Developing Markup Metaschemas to Support Interoperation among Resources

paper
Authorship
  1. 1. Gary F. Simons

    Graduate Institute of Applied Linguistics

Work text
This plain text was ingested for the purpose of full-text search, not to preserve original formatting or readability. For the most complete copy, refer to the original conference program.

INTRODUCTION
The work presented in this paper grows out of the EMELD project, a project which seeks to develop
“Electronic Metastructures for Endangered Language Data”1. One of the major aims stated in the project
proposal is the ”formulation and promulgation of best practice in linguistic markup of texts and lexicon”2.
The project is attempting to do this by forging a community consensus through a series of workshops3.
The first workshop easily reached consensus that the best format for the interchange and archiving of
endangered language data is XML-based markup. It just as easily reached consensus that no single system of
XML markup could be imposed on all language resources. At the same time, there is consensus that linguists
need to be able to perform queries across data sets, even if they do not use the same markup. This paper
describes the solution that is being developed to support this kind of interoperability across resources that use
different markup systems. Before describing the details of the solution, some definitions and requirements are
elaborated.
DEFINITIONS
A markup language, like a natural language, has a lexicon, syntax, and semantics. The following terms are
used throughout this paper to refer to the descriptive artifacts that document these three aspects of markup:
• markup vocabulary: Enumerates the lexical inventory of markup: i.e., the set of elements
and attributes that are used in marking up a resource. (In practice, the vocabulary is
enumerated within the markup schema rather than in a separate document.)
• markup schema: Specifies the syntax of markup: i.e., a formal grammar defining constraints
on where elements and attributes must or may occur with respect to embedding and relative
order and on what their values may be. (This is typically realized in an XML DTD or an
XML Schema, though other mechanisms are emerging.)
• markup metaschema: Specifies the semantics of markup: i.e., a formal mapping from
elements and attributes to the linguistic concepts they represent. (This area of markup is not
as well developed as the syntactic area, but is beginning to be developed under the impetus of
the so-called Semantic Web4.)
REQUIREMENTS
Given that the markup up of language data will be in XML, what is the nature of the markup vocabulary? The
following is the basic requirement on the markup vocabulary, along with consequent features of the
141
implemented solution:
• Linguists need to be able to do more than just read texts and lexicons in display format; they
also need to be able to manipulate the content by selectively accessing individual items of
information.
1. The archival form of electronically encoded resources should not follow a strategy of
presentational markup; that is, the markup vocabulary should not be one that simply
identifies what the information will look like when displayed.

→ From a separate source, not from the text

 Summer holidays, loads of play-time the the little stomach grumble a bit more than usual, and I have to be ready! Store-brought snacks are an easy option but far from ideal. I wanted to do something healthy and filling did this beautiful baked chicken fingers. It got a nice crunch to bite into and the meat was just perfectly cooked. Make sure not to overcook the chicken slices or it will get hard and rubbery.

2. The archival form of electronically encoded language resources should follow a
strategy of descriptive markup; that is, the markup vocabulary should identify what
the individual pieces of information are from a linguistic point of view.
3. The markup vocabulary for a particular text or lexical resource should identify all of
the elements of information (not just some of them) that go into the analysis of the
text or the description of each lexical item.

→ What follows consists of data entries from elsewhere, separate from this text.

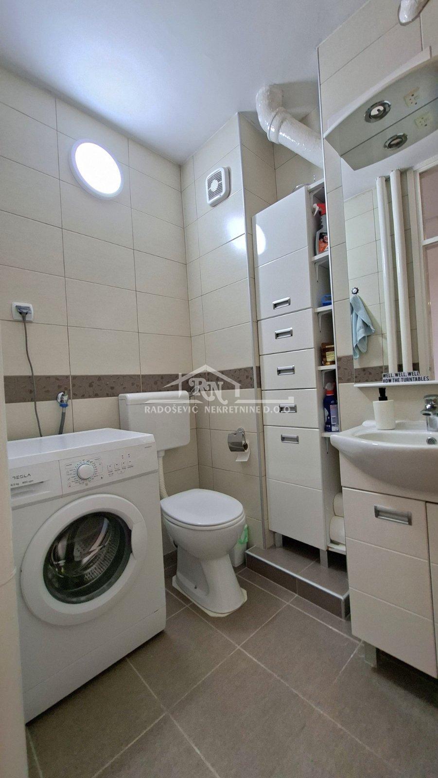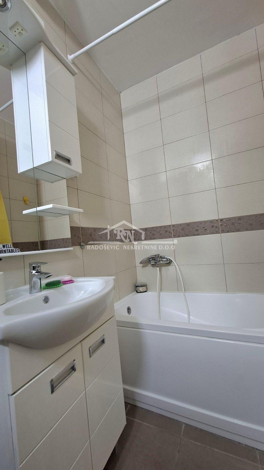 | Odličan, namešten dvosoban stan - odmah useljiv! Izdaje se svetao, funkcionalan dvosoban stan, istočno orijentisan, smešten u održavanom soliteru sa čak tri lifta. Zgrada je preko puta pijace, u neposrednoj blizini osnovne škole, više vrtića, tržnog centra i sa odličnom povezanošću javnim prevozom ka svim delovima grada. Struktura stana: - hodnik - dnevna soba - spavaća soba - kuhinja sa trpezarijom - kupatilo - lođa Opremljenost: - Hodnik: dvokrilni garderobni orman, čiviluk, tepih staza - Dnevna soba: trosed, fotelja, dvaradna stola, dve vitrine, kliam uređaj, klubski sto, tepih, tv aparat. - Spavaća soba: bračni krevet, garderobni ormani, noćni stočić, stona lampa - Kuhinja: kompletni kuhinjski elementi, frižider, šporet, posuđe, mikrotalasna peć - Trpezarija: sto sa 6 stolica, tepih, 4 police zidne. Uslovi zakupa: - Bez kućnih ljubimaca - Obavezno plaćanje jedne zakupnine unapred + depozit u visini jedne mesečne zakupnine - Mesečni troškovi: (infostan) 16.000 RSD i uključuju održavanje zgrade i 24h toplu vodu - Struja se plaća po utrošku Postoji mogućnost prijave boravka na adresi stana. Lođa: Sto sa 4 stolice, polica za cveće, usisivač. Kupatilo: veš mašina i ormarić. Operatori u zgradi: SBB, YETTEL i TELEKOM SRBIJA. U zgradi je Sbb instalacija. Kontakt Dragoljub Burdžić 063 575 359 Agencijska provizija 50% | |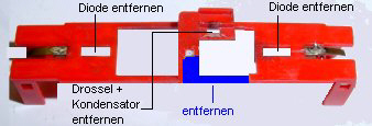 entfernen. Hier steht später der Decoder 66836 mit den Lötpads. Die beiden Federn über dem Motor werden vorsichtig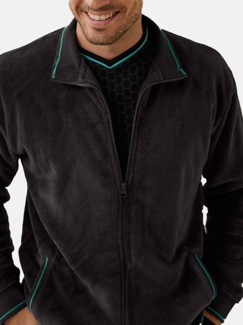 Pigiama in tre pezzi composto da pantaloni lunghi con polsini, maglietta in caldo cotone interlock a maniche lunghe, giacca con zip e tasche. Set da uomo a firma Promise, il modello H32993 รจ un completo notte ed homewear da uomo molto comodo.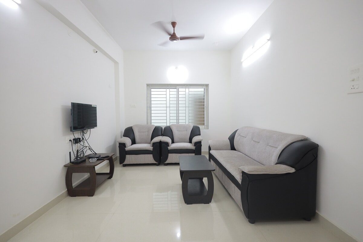 家族連れのために特別に厳選された、考え抜かれたデザインの2BHKへようこそ。週末のお出かけでも長期滞在でも、当宿泊施設はリラックスするために必要なスペースとアメニティを提供しています。 ご家族連れのお客様にご満足いただける理由: 1. 2つの広々とした寝室には、高級リネン類と十分な収納スペースがあり、大人4名様が宿泊できます。 2. 家族連れに安全で安心なエリア 3.リラックスしたり、読書をしたり、映画鑑賞をしたりするのに理想的なソファベッド付きの居心地の良いリビングルーム 4.お手頃価格でプレミアムな快適さ。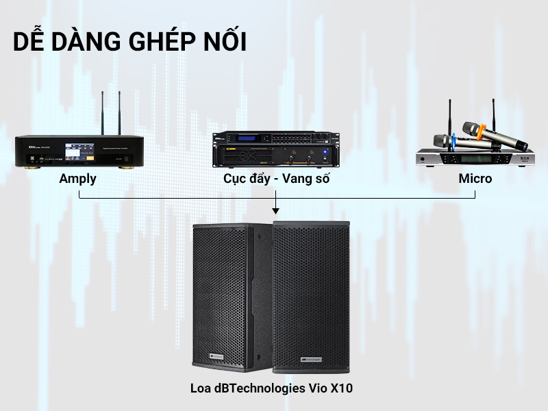 Điểm độc đáo của dBTechnologies Vio X10 nằm ở khả năng ghép nối một cách linh hoạt. Bạn có thể xếp chồng lên nhau tạo ra một hệ thống âm thanh hiệu quả và linh hoạt.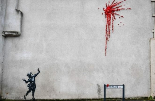 ბენქსიმ ბარტონ–ჰილის რაიონში, ერთ–ერთ კედელზე ახალი გრაფიტი დახატა. კედელზე გამოსახულია გოგონა შურდულით ხელში, რომელიც ყვავილებს ისვრის.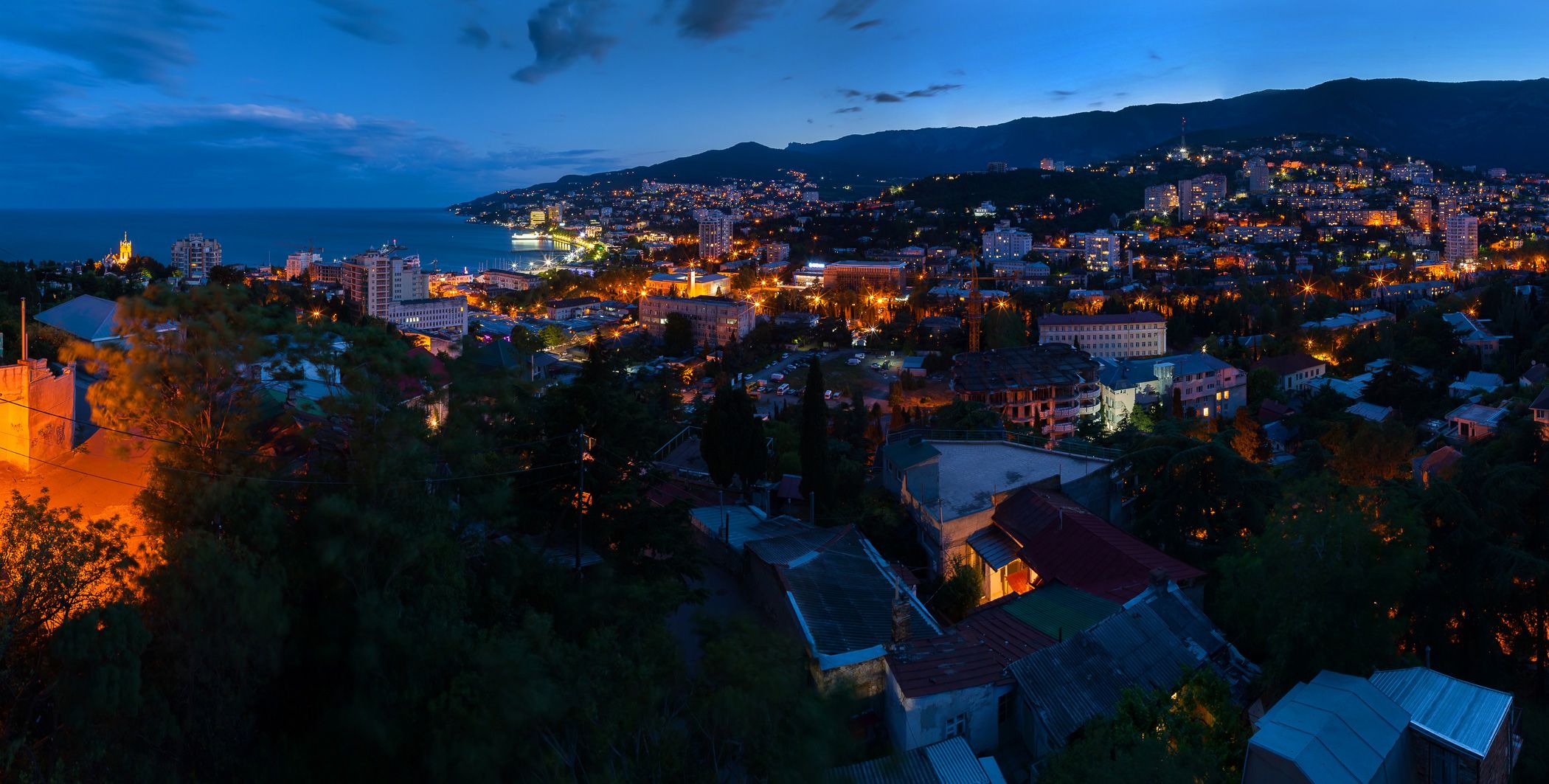 ялта, крым, вечер в ялте, пейзажи крыма, ай-петри, ялтинский залив, черное море, ялтинский маяк, Serge Titov

4. Users still need a presentational display of the resource; this should be accomplished
by applying a stylesheet to the descriptively marked up resource.
HTML markup, when applied to language resources, is an example of presentational markup. It does
not offer linguists the ability to do automated processing of a linguistic nature, for instance, to perform a
query like ”What are the part-of-speech categories used in this lexicon?” For this purpose a descriptive
markup vocabulary that specifically identifies the linguistic significance of each piece of information is
needed. But simply having a markup vocabulary is not enough; for each language resource there is also a
grammar that defines how the individual markup elements combine to form a valid text or lexicon.

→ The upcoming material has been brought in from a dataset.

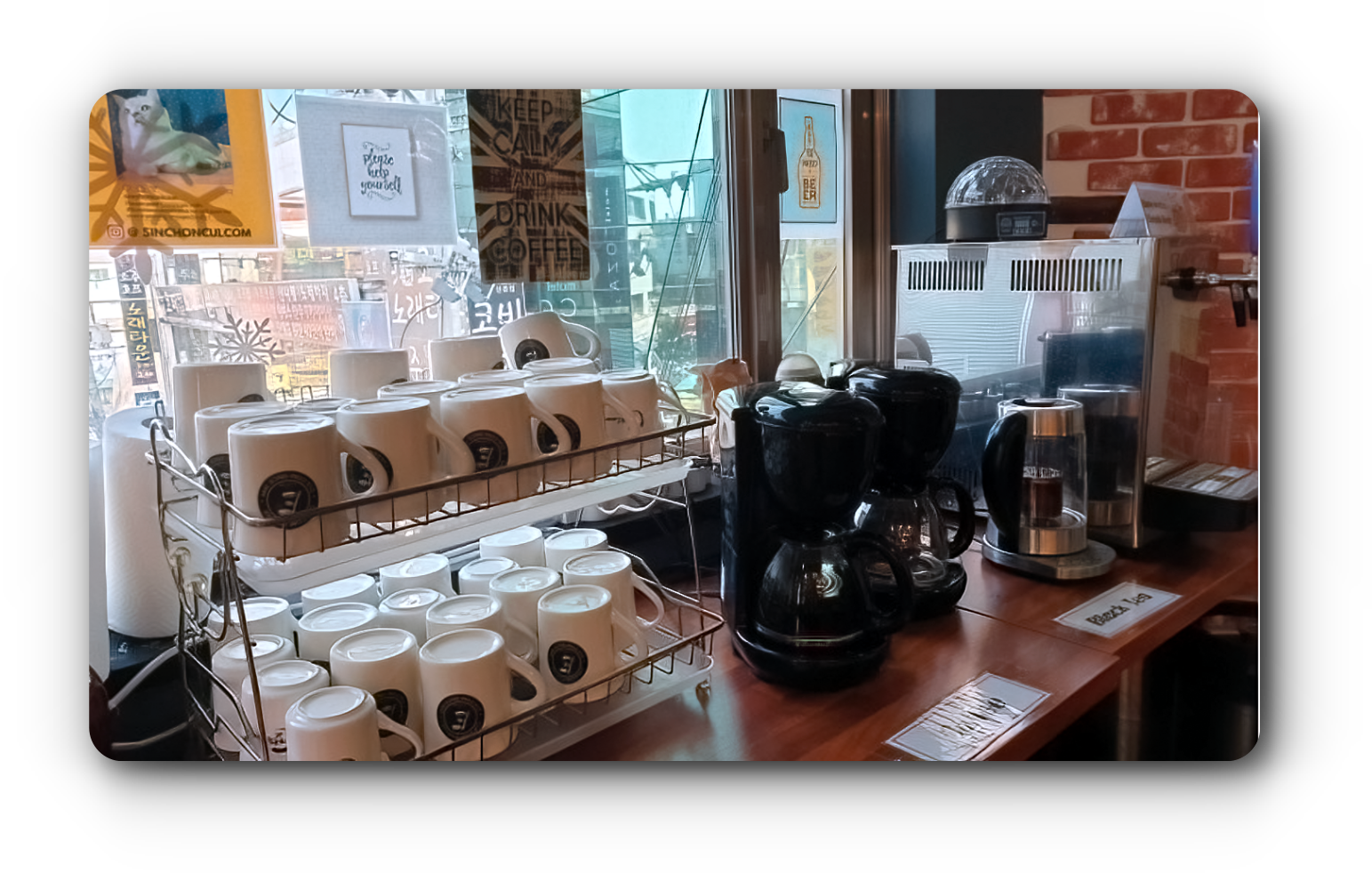 공간을 활용할 수 있다른 점이예요. 지점에서 기본적으로 제공하는 커피, 차, 맥주, 빵,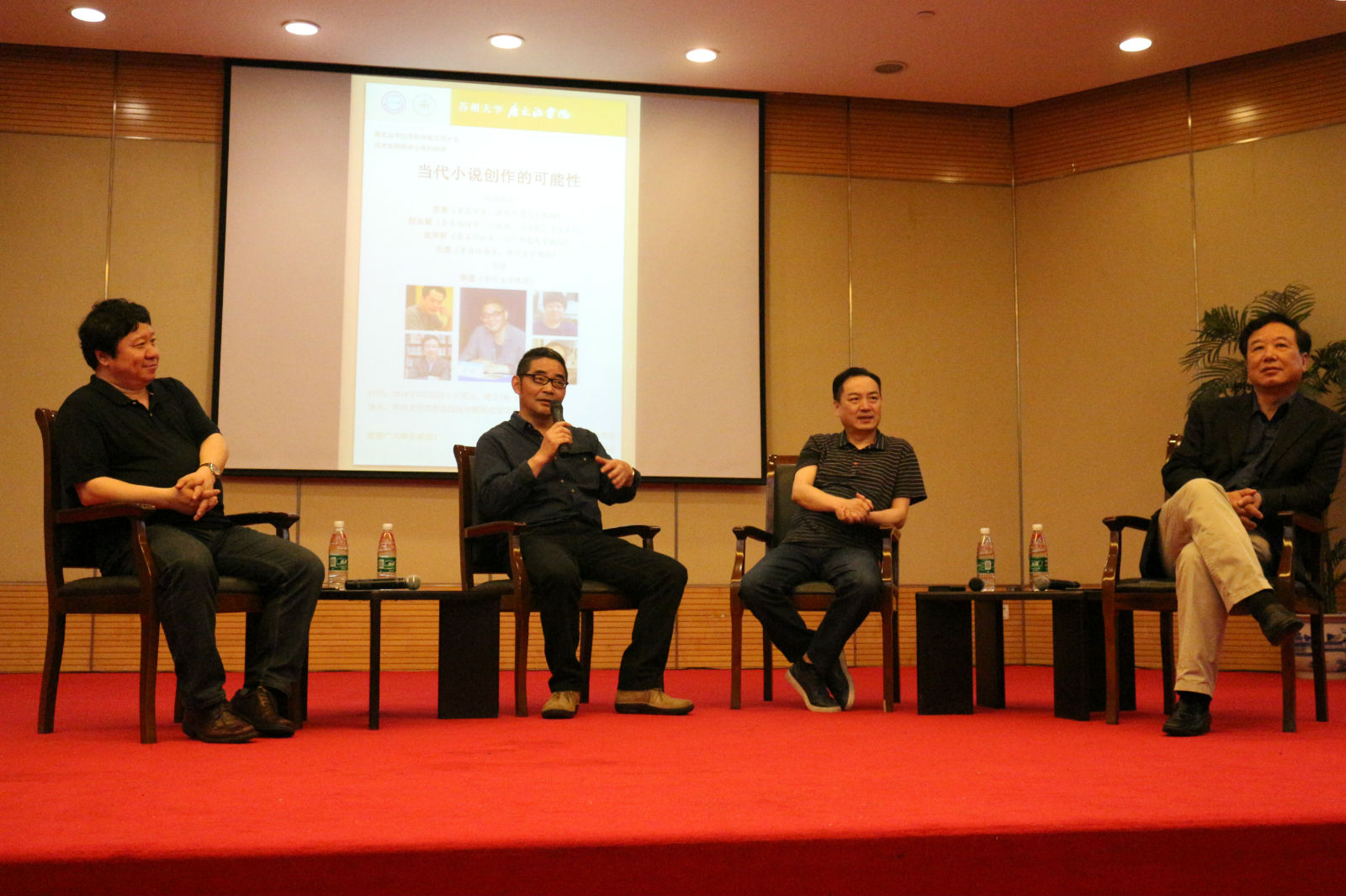 525日晚,在全校师生的热切期盼中,“当代小说创作的可能性”讲座在炳麟图书馆学术报告厅如期举行。北京师范大学教授、当代著名作家苏童先生,著名编辑家、小说家、《收获》杂志主编程永新先生以及辽宁师范大学教授、著名评论家张学昕先生受邀莅临苏州大学,并与唐文治书院院长、著名评论家王尧教授以对谈的形式探讨当代小说创作的可能性。本次讲座由唐文治书院常务副院长,著名学者季进教授主持。

• The linguist creating a text or lexicon needs for the markup of the resource to be consistent
with his or her plan for its content and structure.
1. A single markup schema that sanctions all common practices in structuring the
content of language resources will be too permissive to constrain any single resource
to the specific plan of its creator5.
2. There is enough convergence of practice that it will be possible to develop one or
more specific markup schemas that can be recommended for widespread use while
being adequately constraining.
3. There will always be plans for content and structure that are unique enough to require
that a unique markup schema be devised for the resource.
These consequences of requirement 2 mean that there will be multiple markup schemas, even in the
context of best practice. In order to achieve interoperability of resources when there are multiple markup
schemes it is necessary to introduce a meta-level in the approach to markup:
• Linguists need to be able to query and otherwise manipulate multiple texts or lexicons in a
single operation, even though they may individually have different markup vocabularies and
schemas.
1. As a foundation for interoperability, there must be a shared ontology for the kinds of
information that are marked up in language resources.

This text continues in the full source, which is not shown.